Many an evangelical pastor has concluded a sermon by asking non-Christians to “ask [or receive, or invite] Jesus into their heart,” or to pray some version of what some call the “sinner’s prayer.” But some evangelicals, including Baptist pastor David Platt of Birmingham, Alabama, have begun to criticize the sinner’s prayer as unbiblical and superstitious. Surely, he argued in a controversial March sermon, there must be more to salvation than saying a formulaic prayer.
Platt’s comments helped precipitate a debate at the recent Southern Baptist Convention meeting in New Orleans. In a voice vote, a majority of delegates affirmed the sinner’s prayer as “a biblical expression of repentance and faith.”
The phrase “ask Jesus into your heart” is not in the Bible, although there are similar phrases there (“ye have received Christ Jesus the Lord,” Col. 2.6 KJV). So where did this prayer come from?
It turns out that Anglo-American Puritans and evangelicals in the seventeenth and eighteenth centuries used the phrase “receive Christ into your heart,” or something like it, with some regularity. The great Puritan devotional writer John Flavel, for example, spoke of those who had heard the gospel but who would “receive not Christ into their hearts.”

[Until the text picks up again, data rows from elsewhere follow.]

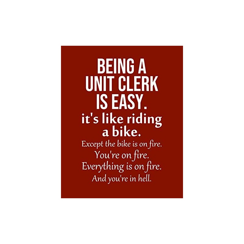Being a Unit Clerk is Easy. It's like riding a bike. Except the bike is on fire. You're on fire. Everything is on fire. And you're in hell.: Calendar 2019, Monthly & Weekly Planner Jan. - Dec. 2019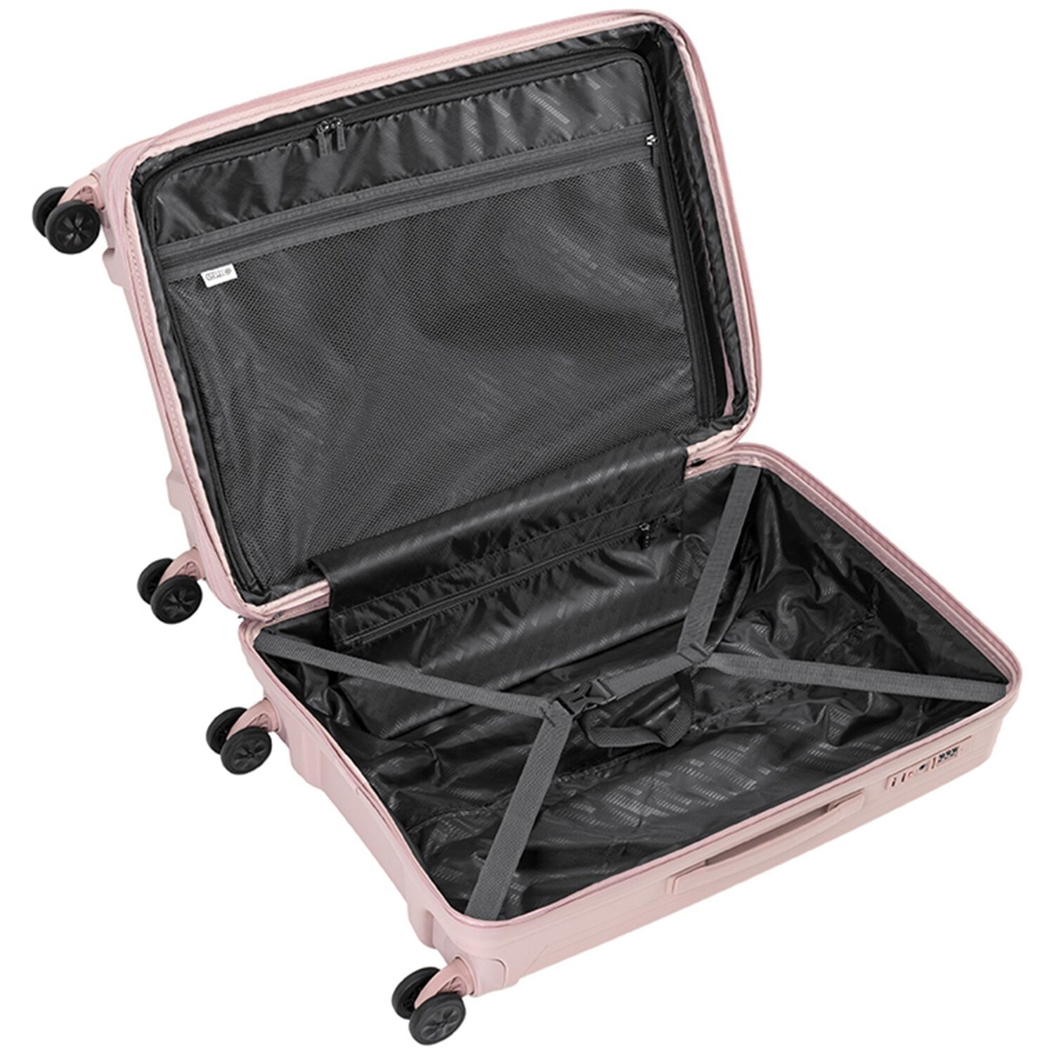 - Ausstattung: Wäschefach, Reißverschlussfach, Kreuzpackgurt, Dehnfalte, arretierbarer Griff
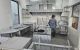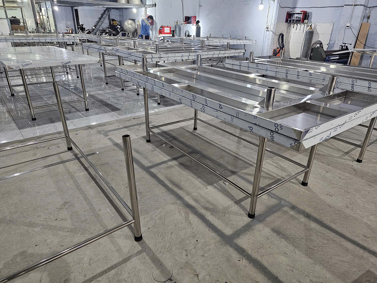 Bàn làm việc trong bếp công nghiệp, nhà máy, khu chế biến, siêu thị.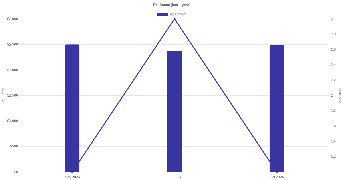 There were a total of 9 sales transactions for The Asana in the last 3 years, with the latest one recorded in Oct 2024. Disclaimer : our transactions data below does not include block numbers as the data is not available.

But it was just as common for pastors of that era to use the phrase to describe a Christian act of devotion. Thomas Boston, a Scottish Calvinist pastor, encouraged Christians taking communion to receive “Christ into their hearts.” Benjamin Colman, the leading evangelical pastor in Boston in the early eighteenth century, wrote explicitly that Christians should “receive Christ into their hearts, and hold him forth in their lives.”